A gender-based subgroup analysis was conducted to determine if gender affected bone metabolism. In both genders, PF, ASMI, and BMD correlated significantly and positively. The association remained significant after adjusting for multiple confounding factors, suggesting that the relationship was independent of gender.

However, analyses stratified by race/ethnicity in our group showed that ASMI and PF were consistently positively associated with BMD in non-Hispanic whites, whereas associations became less significant in other racial/ethnic groups. And this means that race/ethnicity can influence the association of ASMI and PF with BMD in this study. A cross-sectional study of 1190 community-dwelling men showed that greater bone strength among black American men than among their white counterparts and may indicate elevated fracture risk among older Hispanic American subpopulations [43]. The same is true for women; studies from NHANES III reported higher femoral neck BMD and shorter hip axis length in Mexican American women compared to non-Hispanic white women in the USA [44]. Consistent with the previous study, non-Hispanic whites have been reported to have significantly lower BMD and higher fracture rates compared with non-Hispanic blacks [45,46,47]. Moreover, Noel et al. [48] demonstrated differences in BMD and osteoporosis among major racial and ethnic groups, highlighting the need to study individual groups by origin or background. It is worth noting that research by Berenson et al. [49] discovered differences in genetic risk factors, obesity status, alcohol consumption, and other factors across racial/ethnic groups, which may provide a possible explanation for noted race-specific differences. Future studies with larger populations would benefit from examining associations across a wider range of race/ethnicity.

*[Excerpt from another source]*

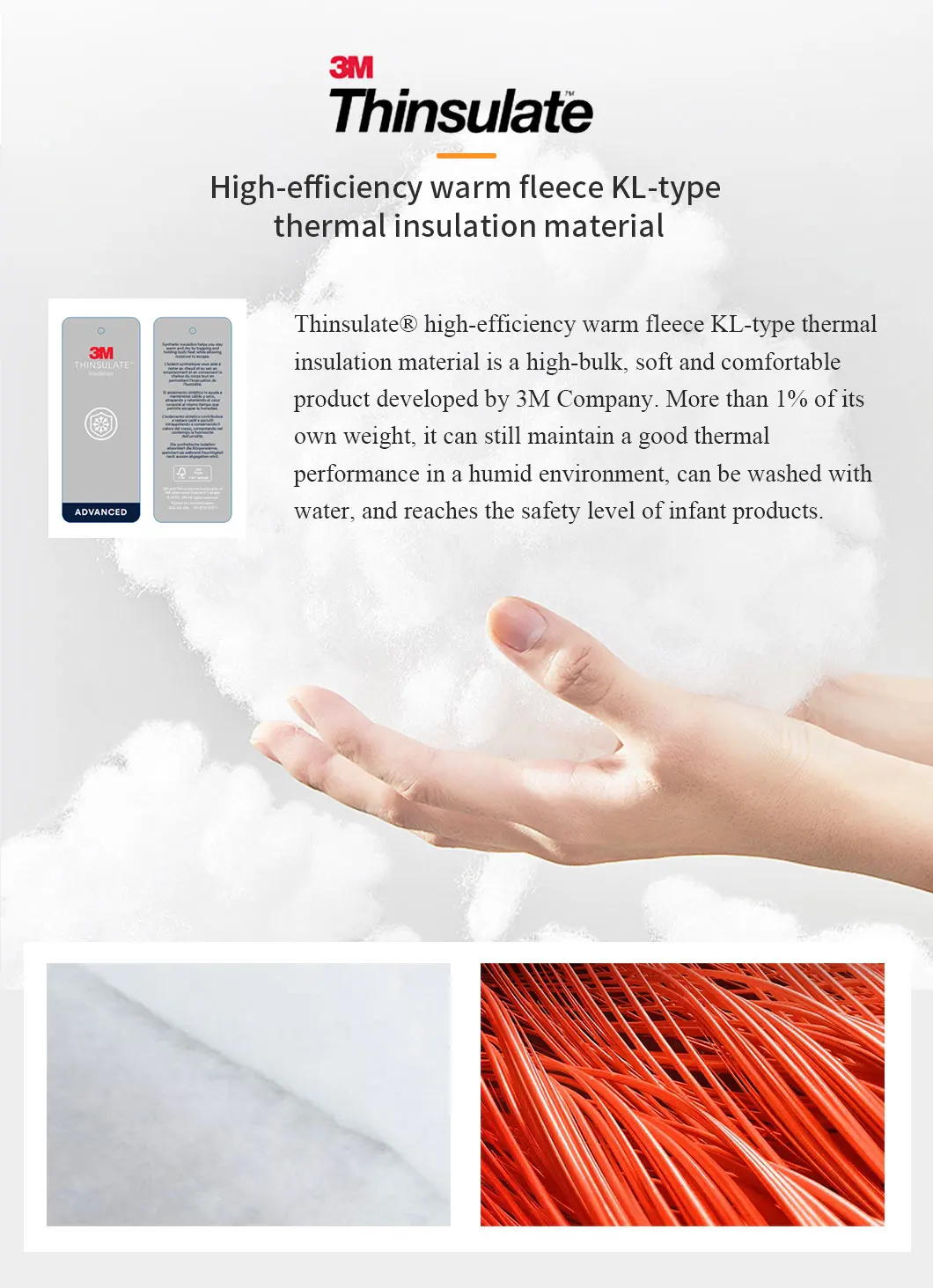 2Material de relleno del cuerpo: Thinsulate® El material de aislamiento térmico tipo KL de lana cálida de alta eficiencia es un producto de gran volumen, suave y cómodo desarrollado por 3M Company.No supera el 1% de su propio peso y aún puede mantener un buen rendimiento térmico en ambientes húmedos.Se puede lavar con agua y alcanza el nivel de seguridad de los productos infantiles.

Our research has several advantages. First, it is accomplished by analysis of the NHANES data, a dependable data source for epidemiological studies. There is less likelihood of sampling bias because NHANES contains a substantial representative sample of the whole US population. Moreover, questionnaires and laboratory data sets offer comprehensive demographic, lifestyle, dietary, and medical information. We can better manage possible confounders in multiple regression models with the use of this data. We also have more ability to produce meaningful results thanks to the large sample size that NHANES provides. Finally, the knee extensor peak strength test is a commonly used muscle strength measure. ASMI is easier to obtain with DXA, so both are easier to use as screening tests for low BMD.

The study has several limitations. On the one hand, as a result of the cross-sectional design of this study, causal relationships between muscle strength, mass, and BMD cannot be inferred. On the other hand, even though we included a number of covariables when performing the multivariate regression analysis, there may still be some residual confounding.

Conclusion

We found that muscle mass and strength were significantly and positively associated with BMD in the total, pelvis, and lumbar spine in nationally representative sample of US adults, suggesting that PF and ASMI in the lower extremities may be a screening indicator for low BMD. This makes it easier to intervene early in osteoporosis risk individuals. For future research direction, it is suggested to further explore the causal relationship between muscle mass, strength, and BMD. This will be very helpful for our future research.